Lesson 4: Why does the validation set need a DataLoader (mini batches)?

sambit · September 1, 2020, 10:51am

This is in reference to ‘my_04_mnist_basics.ipynb’.

I understand that the training set needs a DataLoader (for selecting mini-batches during training).

But the validation set is only used to calculate metrics. So why does it need mini-batches & a DataLoader?

Aren’t the metrics computed on the entire validation set?

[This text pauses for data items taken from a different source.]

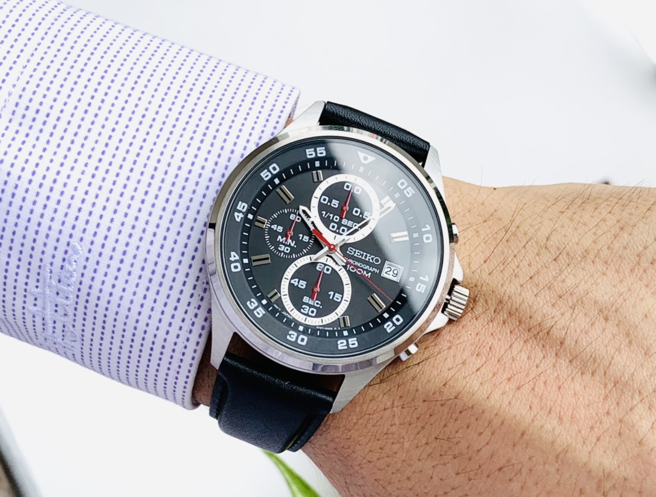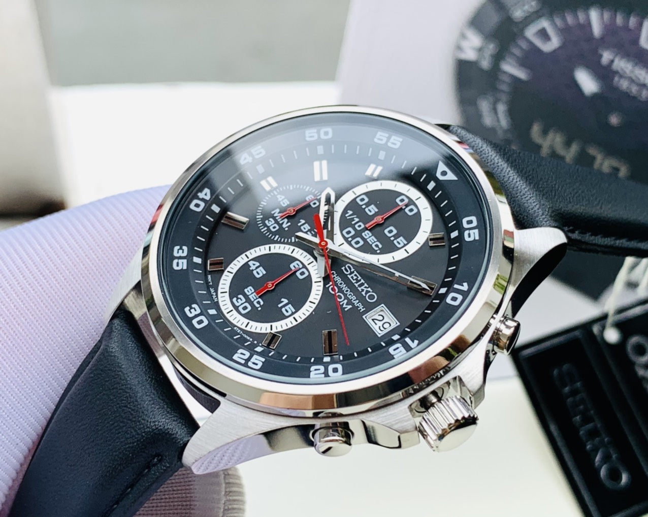 Đồng hồ thể thao nam đẹp Seiko mặt đen 6 kim SKS635P1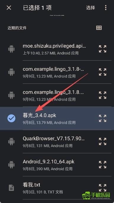 5、在弹出的文件选择器中找到并选择需要安装的APK文件。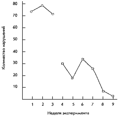 Другие данные, о которых сообщили Этхоу и Краснер, касаются числа нарушений, совершенных пациентами. Обычно многие пациенты в госпитале отказываются утром вставать, умываться или покидать спальню в установленное время, таким образом создавая необходимость в помощи дополнительного персонала. Непосредственно до того, как была введена жетонная система вознаграждения, регистрировалось по одному нарушению в неделю по каждому из этих трех пунктов. В результате в среднем было 75 нарушений (или чуть больше одного на пациента) в неделю. Во время эксперимента жетон выдавали ежедневно, в том случае если не было зарегистрировано нарушения по любому из этих пунктов. Как показано на рис. 7-4, число нарушений снизилось после введения жетонной системы. Исследователи никак не прокомментировали неожиданный рост нарушений (до 39) в течение четвертой недели экспериментальной программы. В течение последних шести месяцев экспериментального периода частота нарушений в среднем составляла девять за неделю (не указано на рис. 7-4).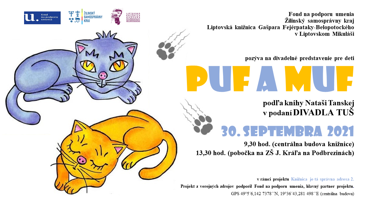 Puf a Muf. Bábkové divadelné predstavenie. 30.9.2021 o 9,30 a 13,30.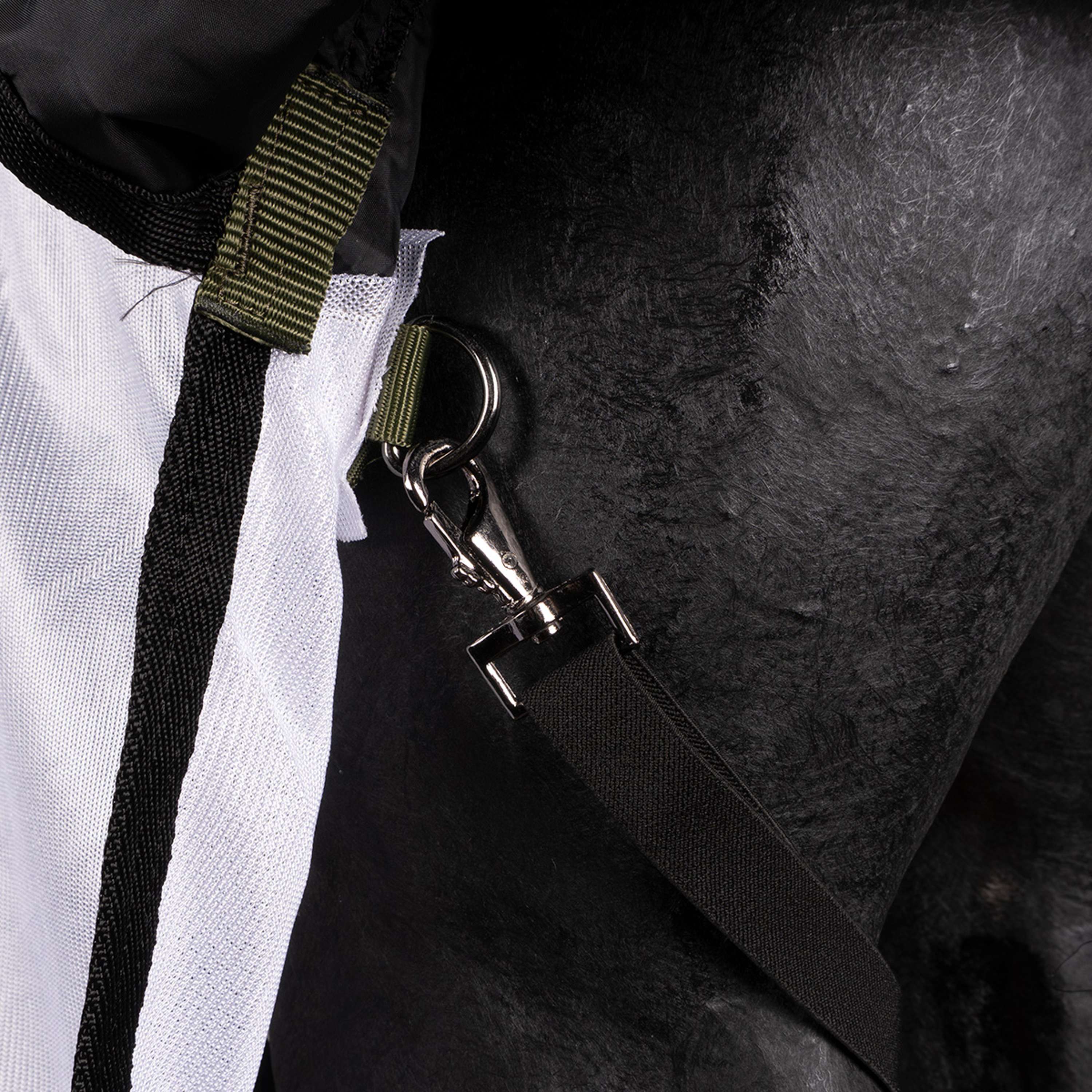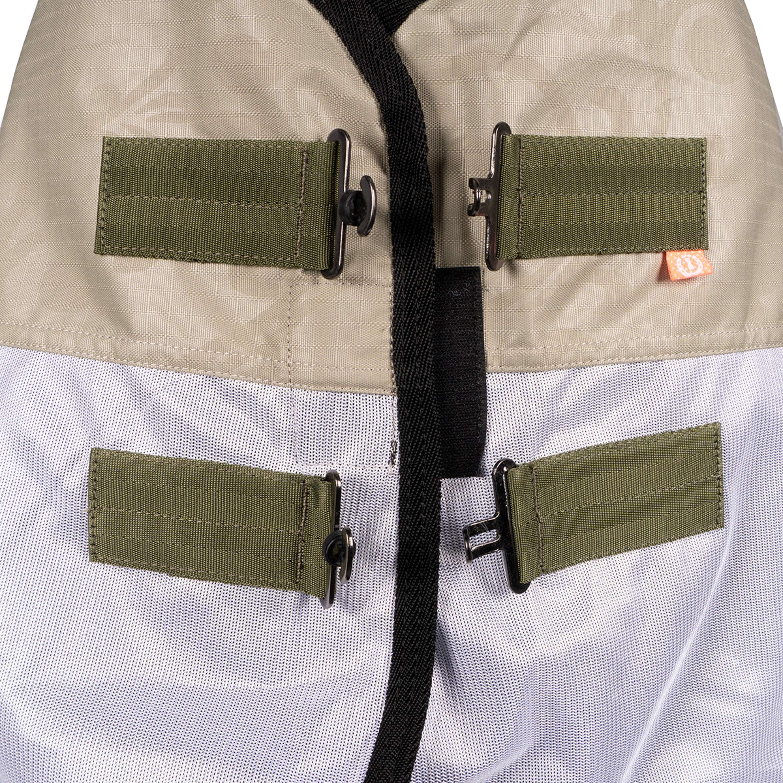 Never doubt again which blanket your horse should wear in spring and summer! This 2-in-1 blanket offers not only great wearing comfort but also protection in various weather conditions. In a summer shower, your horse stays dry due to the water-resistant top layer (featuring the well-known Imperial Riding floral print!). Moreover, the lightweight and breathable mesh material makes it a perfect fly rug. The blanket has a double belly flap and is equipped with 3 girths around the belly, 2 elastic hind leg straps, ergonomically shaped tail flap and leg folds for maximum freedom of movement. With the buckle system and Velcro on the chest, this blanket stays perfectly in place. In short, this water and insect resistant blanket is a real must-have for your horse! Please note: the neck part is sold separately.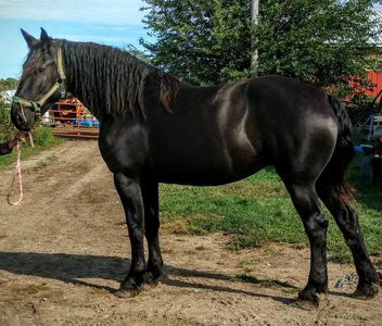 Friesian Heritage Horse Association registered Mare . 1/2 Friesian, 1/2 Percheron. She is out of 5 generations of home raised Percherons, her sire was the World Percheron congress Stallion Thunder Supreme. Her current filly is 3/4 Friesian out of Piper.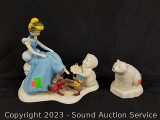 Lot Details: Cinderella, head has broken off, been repaired. Base light has no plug, figures, don't really fit base, one figure has looks like it should fit but doesn't.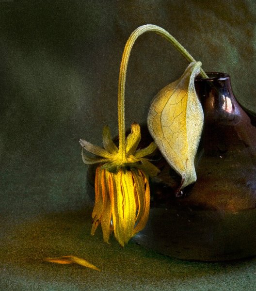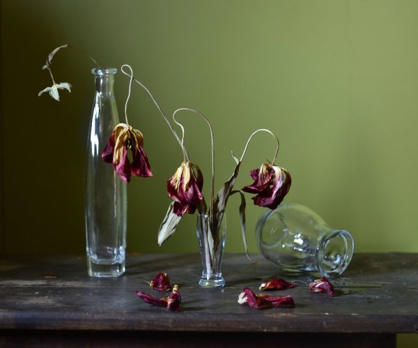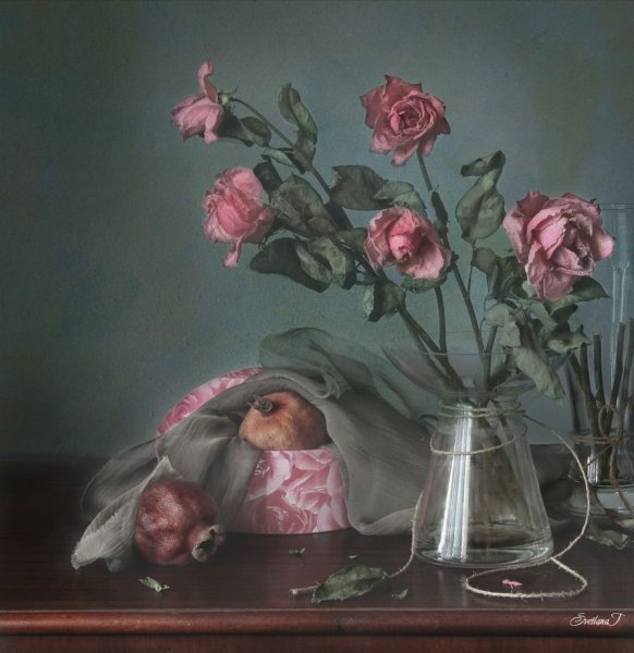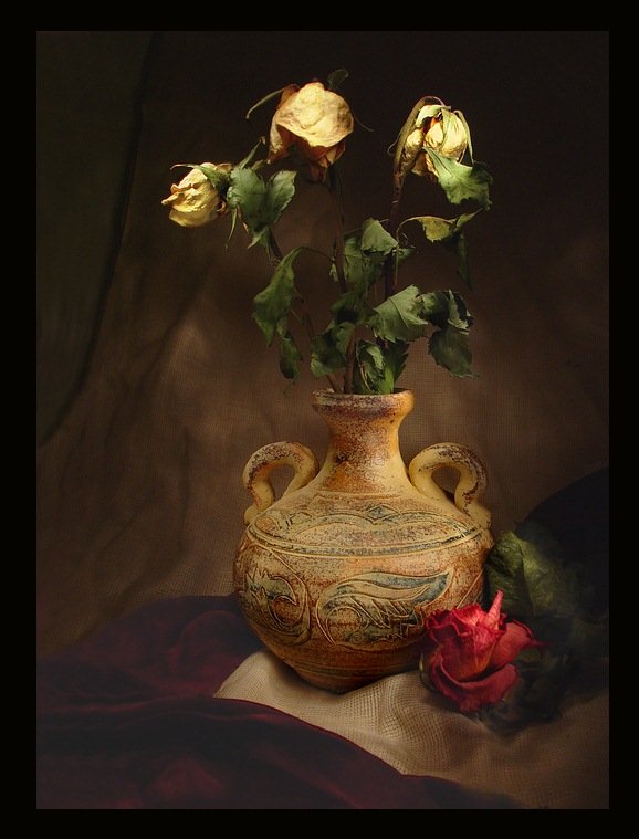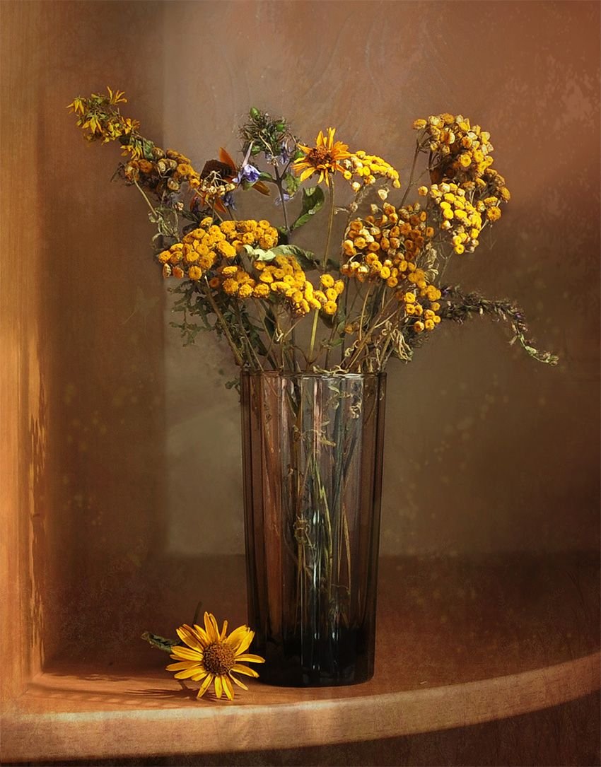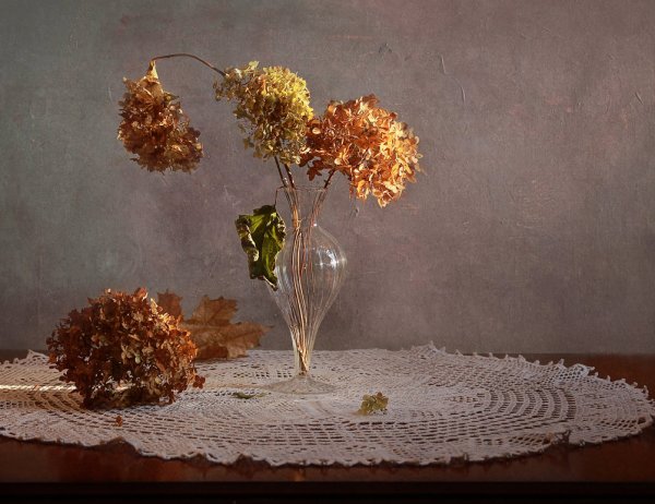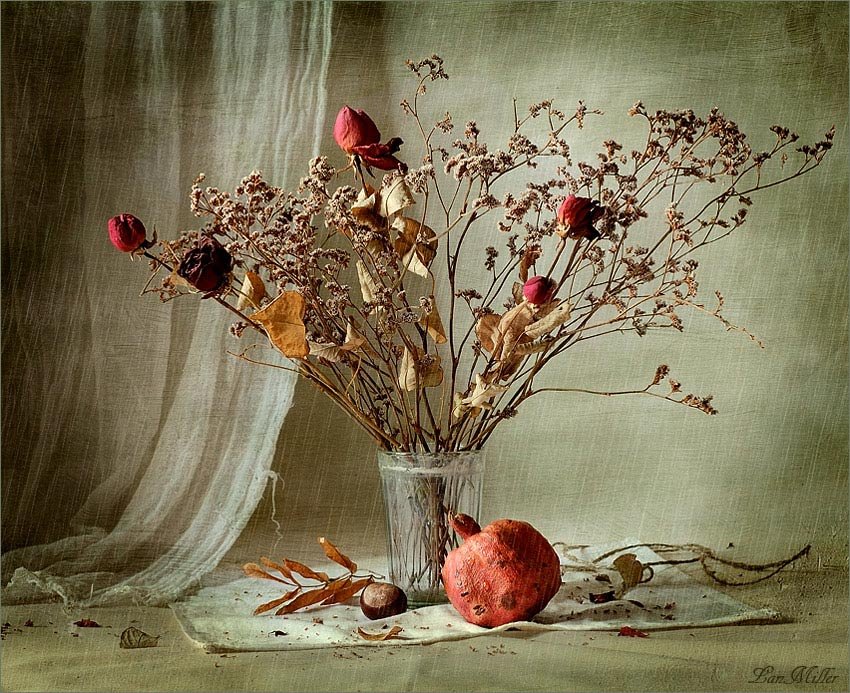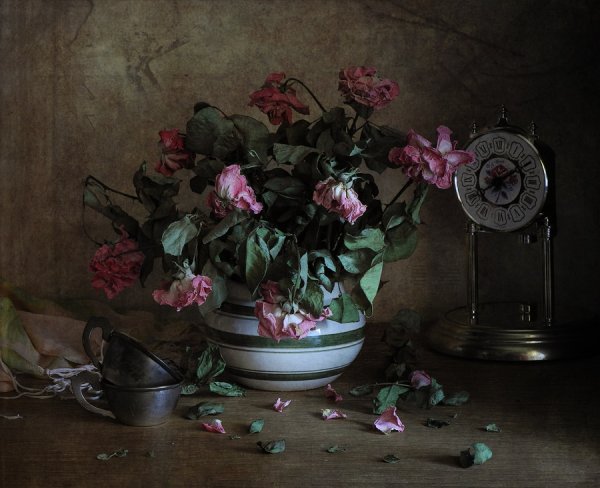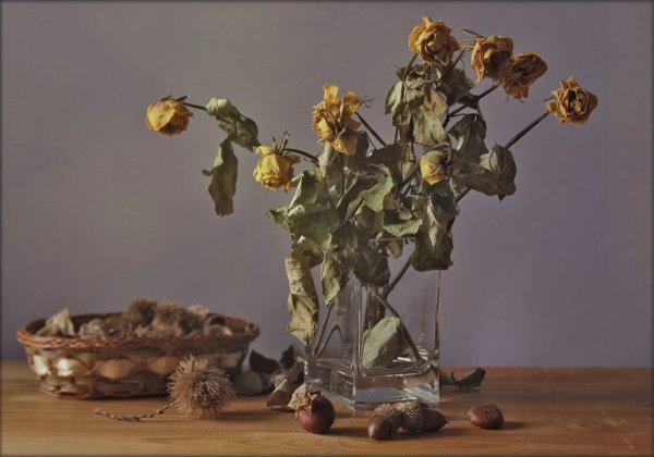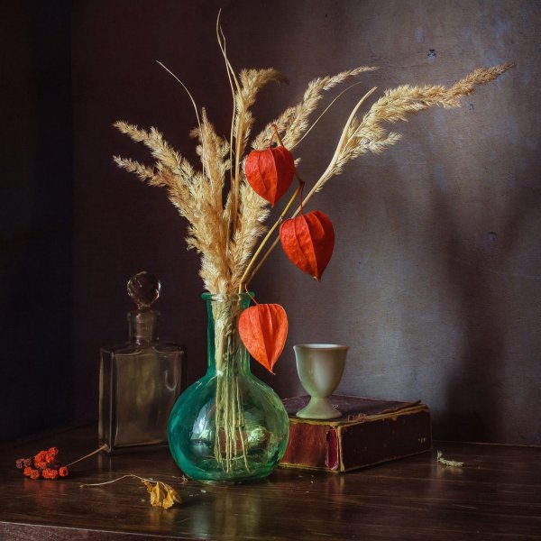 Натюрморт с засохшими цветами - это произведение искусства, которое передает особую атмосферу умиротворения и меланхолии. В таком натюрморте мы видим цветы, уже не свежие и прекрасные, но именно в этой их запахшей и увядшей красоте мы находим скрытую глубину и символичность. Засохшие лепестки и подвянувшие стебли напоминают нам о преходящей природе времени, о том, что все красивое и живое неизбежно умирает. Но даже в этом процессе художник находит красоту, воплощая ее на полотне. Через натюрморт с засохшими цветами, мы можем погрузиться в раздумья о жизни и смерти, о ее бегстве и значимости каждого мгновения.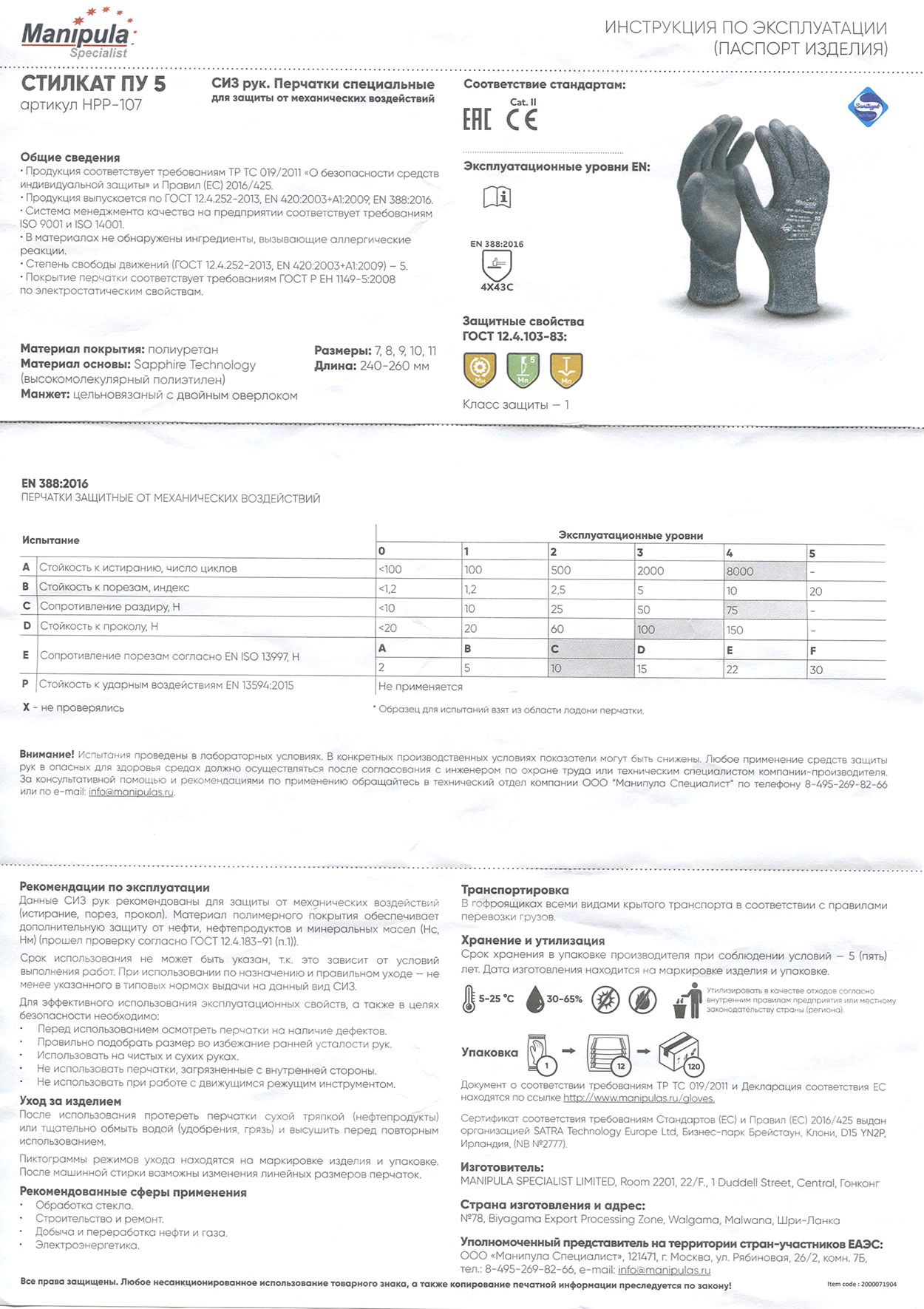Перчатки Стилкат ПУ 5 рекомендованы для защиты рук от механических воздействий (истирание, скользящие порезы, проколы) в сухих и влажных средах.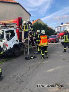 Die Feuerwehr Grebenstein wurde zur Unterstützung der Feuerwehr Udenhausen zu einer umstürzenden Arbeitsbühne nach Udenhausen in den Triftweg alarmiert. Bei Arbeiten an einer Giebelwand drohte eine mit Personen besetzte Arbeitsbühne umzukippen. Die Arbeitsbühne wurde gesichert und die Personen mit der Drehleiter der Feuerwehr Hofgeismar gerettet. Nach der Rettung der Personen wurde die Arbeitsbühne eingefahren und das Trägerfahrzeug der Bühne wieder aufgestellt.

PalaashAgrawal · September 1, 2020, 12:58pm

I think you’re misunderstanding how the model works.
The idea behind minibatches is to simply to break the data into chunks, because the CPU/GPU cant take all of the data at once (Because the data that we deal with is usually very large). However, it doesnt mean that we evaluate only part of the data - we do evaluate the entire (validation) set.
During validation, we feed the input data to the model, and get a set of output, yes? And then compare with the ground truth with the predictions and get the metric values (eg accuracy). Since you cant feed all the validation data into the model at once, we feed them in minibatches, and then later do an average (a weighted average to be more precise - where the weights are the size of the minibatch, which may not be same for all the batches).

Hope this helps
Cheers

sambit · September 1, 2020, 1:13pm

Ah ok. I understand now. Cheers.